Though John is known for his simple, direct language, he does not avoid complex problems. Robert Yarbrough takes up these challenges in his new commentary on 1-3 John and in his notes for these books in the ESV Study Bible. Yarbrough, chair of the New Testament department at Trinity Evangelical Divinity School, spoke about these projects with Collin Hansen.

You edit the Baker Exegetical Commentary on the New Testament. What is this series' unique contribution?

These commentaries blend serious scholarship with commitment to the gospel message that gave rise to the New Testament documents. Readers with theological interests will be stimulated and encouraged in the Christian faith. Readers with more narrowly academic interests will find awareness of, and interaction with, the range of evidences, questions, and theories that have occupied scholars throughout the generations. Having said that, the commentary does have a basic commitment to serve the needs of those who read and minister the Scriptures as the authoritative Word of God.

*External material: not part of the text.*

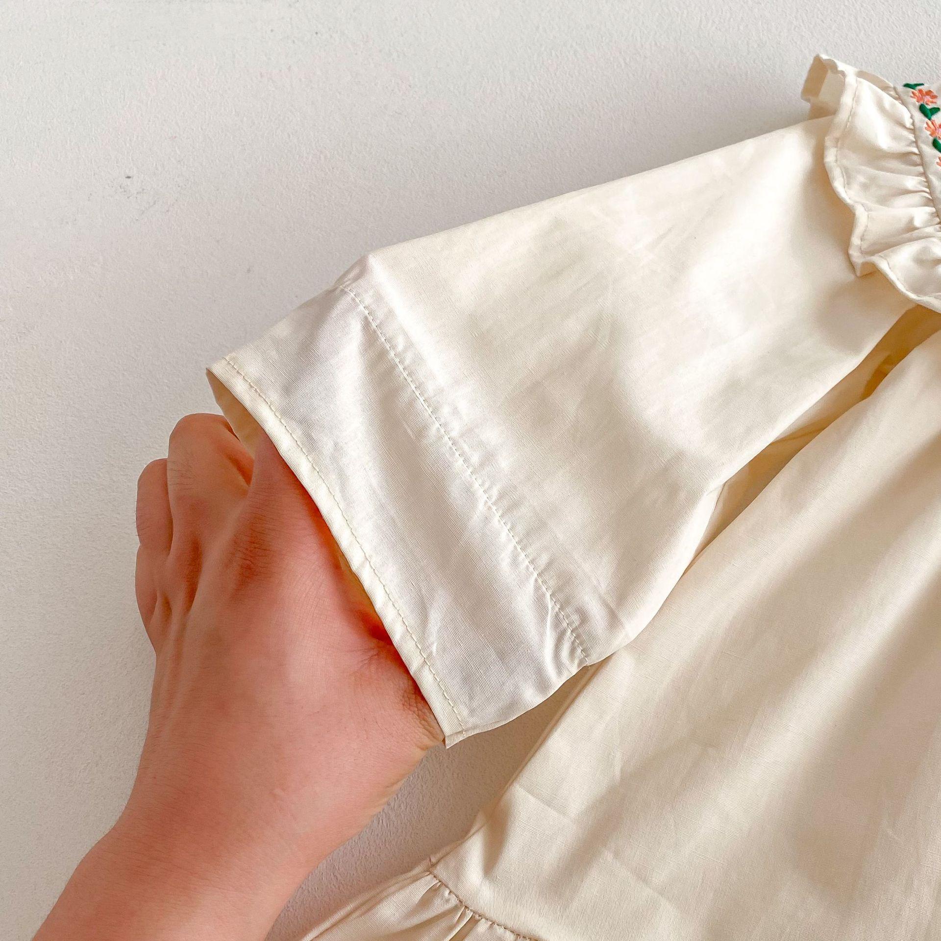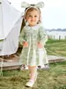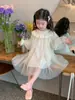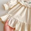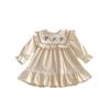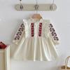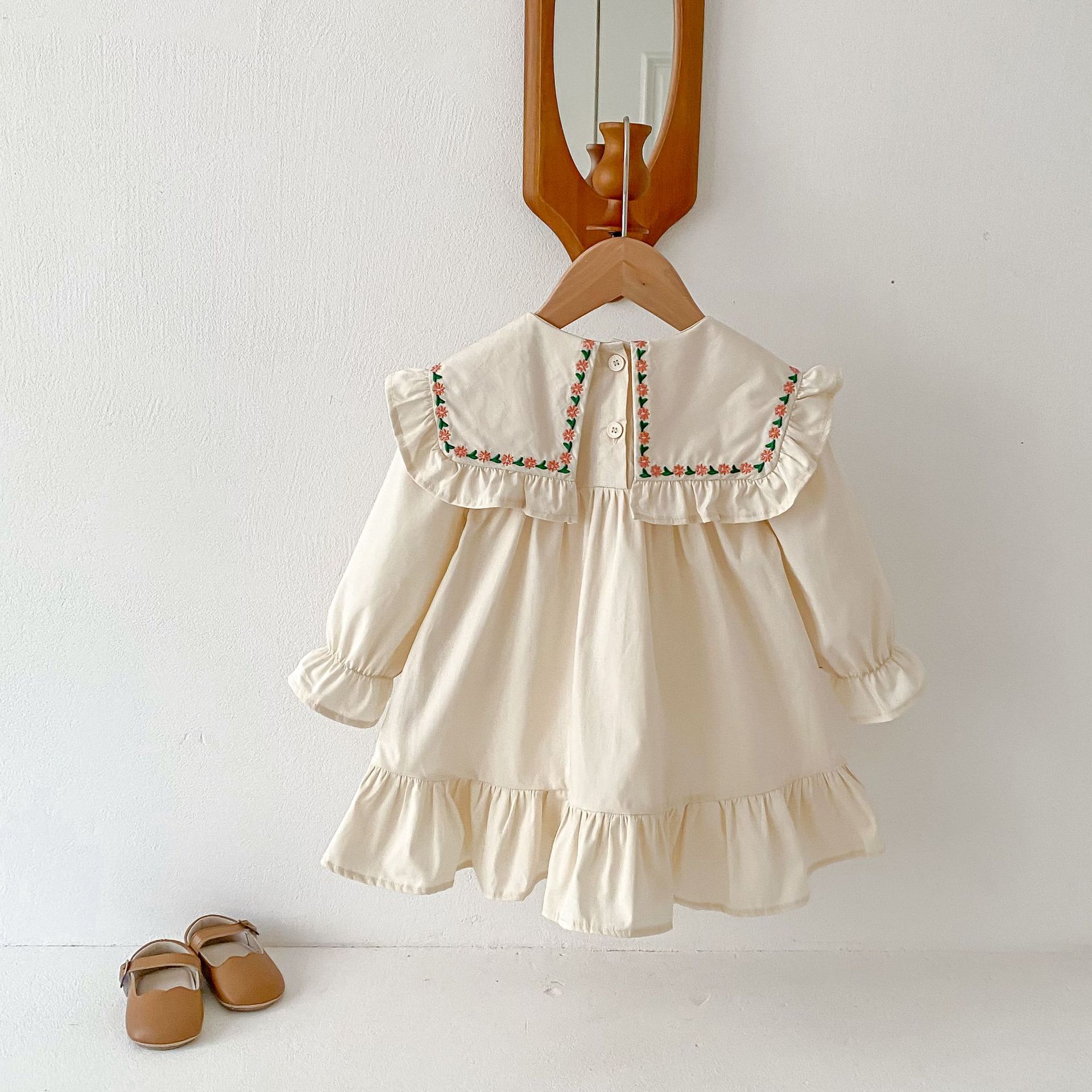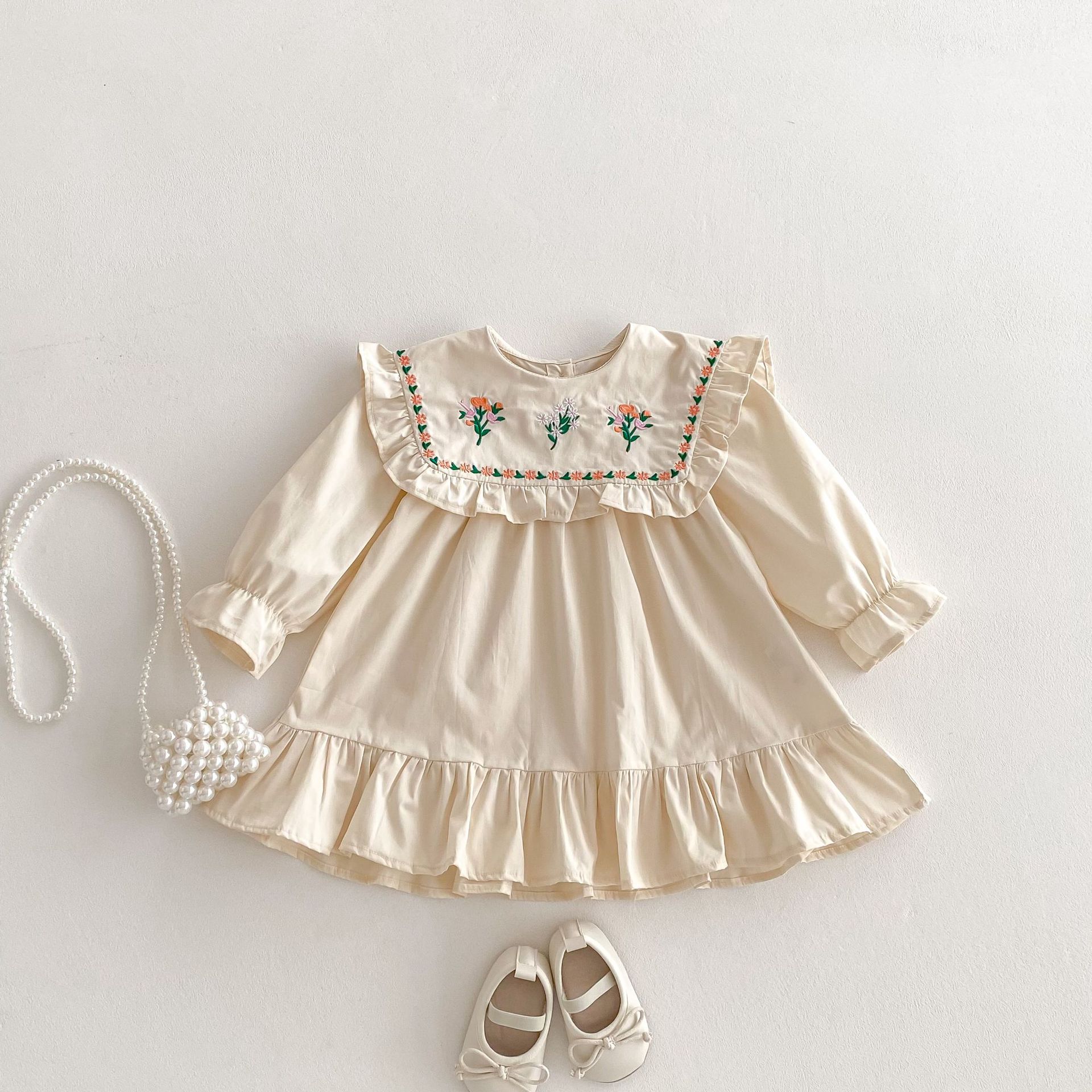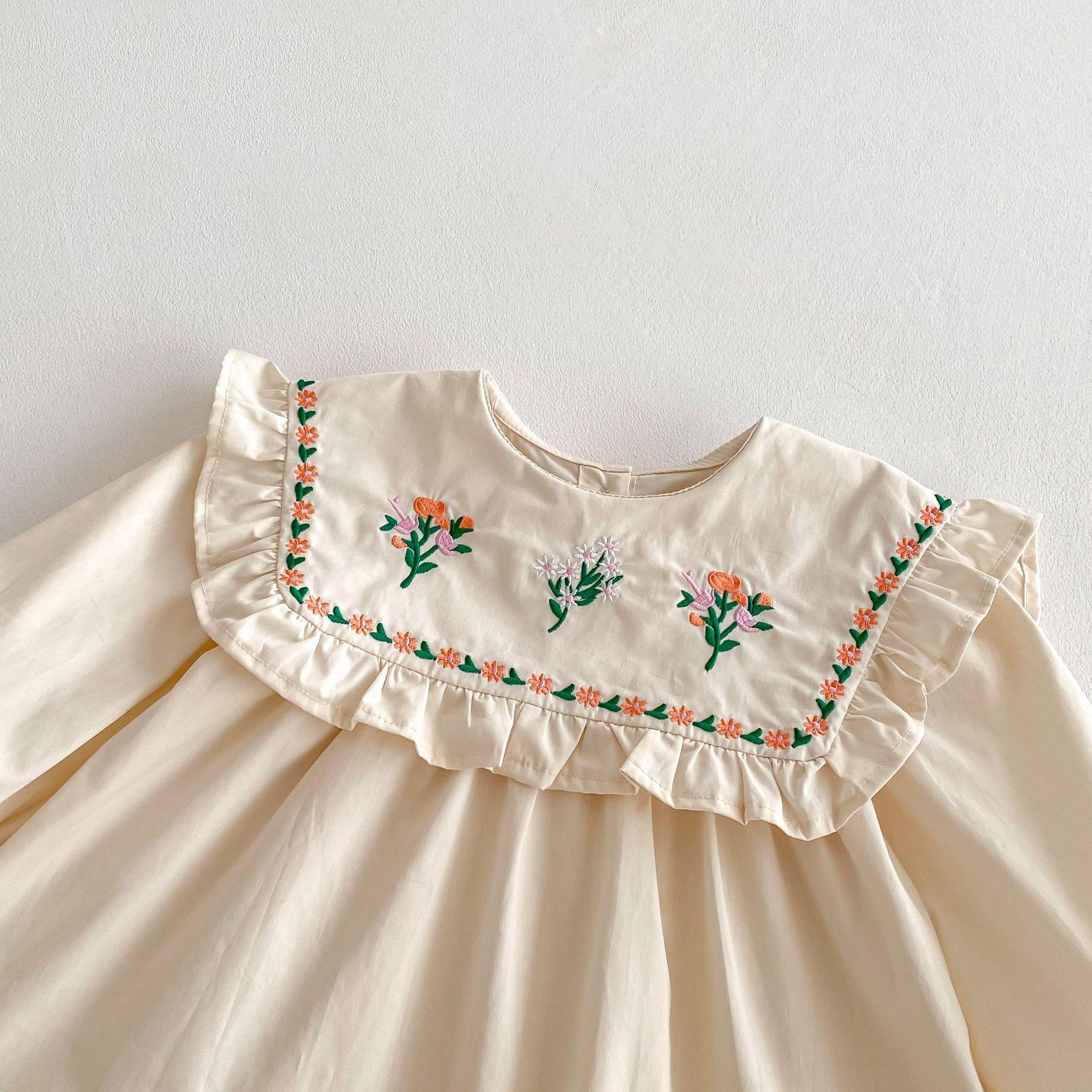 Vestido de niña primavera 2025 para niños, solapa grande, bordado con flores, volantes, manga larga, falda de princesa de algodón

You write in the author's preface to the 1-3 John commentary, "I offer no defense for this commentary if the requirement is earthshaking novelty, unprecedented profundity, or unrivaled comprehensiveness." How do you advance our understanding of biblical books and discern what not to discuss?

Various factors can promote the aim of advancing understanding of a biblical book. Most foundational is careful and informed analysis of the New Testament book in the original language—in other words, fresh attention to primary sources. This quickly brings with it reference to books and studies by other scholars—books on backgrounds, language, history, early Christian thought, and so on. None of us knows enough to ignore what the larger community of scholarship has discovered, both recently and through the centuries. I have also found that ministry involvement sheds light on New Testament writings. I teach these writings to children and adults each week in church, to seminary students as my profession, and to students and pastors in sites in Eastern Europe and Africa on a regular basis. This generates a lot of feedback and fresh perspective on a given book.

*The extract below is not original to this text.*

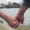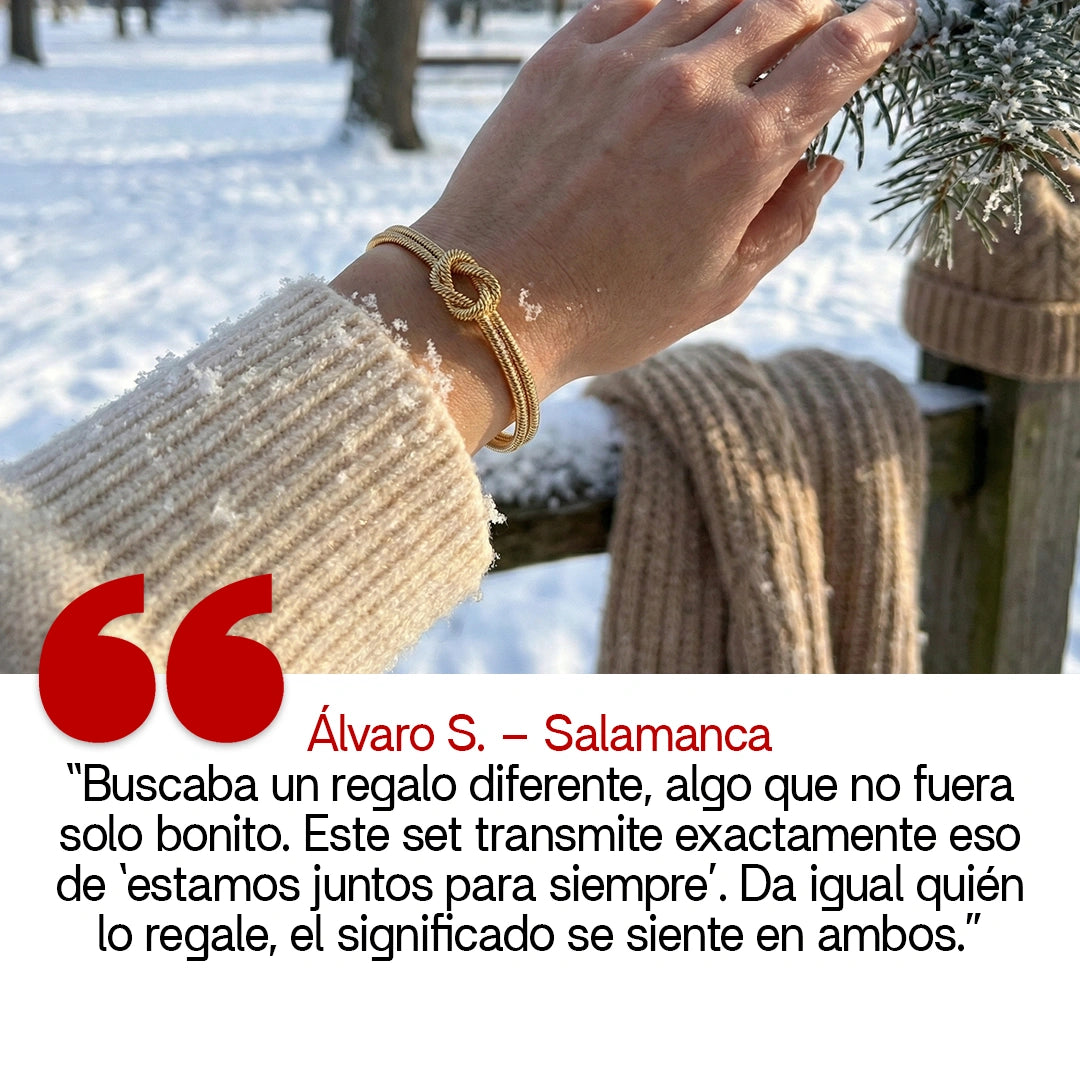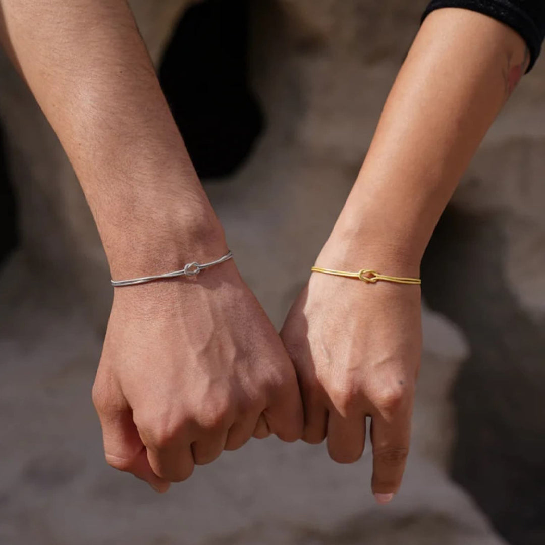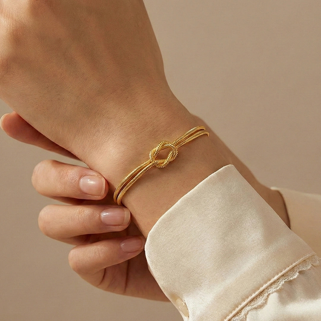Nuestra pulsera Love Knot está fabricada en acero inoxidable con baño de oro de 14k y baño de oro blanco de 14k, diseñada para simbolizar el amor y la conexión eterna.

As for what not to discuss—editorial limits often keep discussion within certain bounds. Some things are beyond one's expertise and better left to others for serious treatment. Reflection on intended audience can also factor into decisions. For example, there is a fairly technical monograph on speech-act theory in 1 John. But most readers, I felt, were unlikely to find close and sustained attention to this book worth the space and energy in a commentary, though as a work of scholarship it certainly has its place.

What are some of the most perplexing challenges posed by 1-3 John?

The first is the precise historical setting or even socio-cultural location of the author and/or addressees. I am comfortable with viewing these letters as contemporary with, and geographically proximate to, the seven churches of Asia that Revelation 1-3 addresses. But the epistles themselves don't leave many explicit clues, and since a lot of scholarship discounts patristic testimony and limits itself to internal literary evidence, it is hard to be certain of a great deal in this crucial area.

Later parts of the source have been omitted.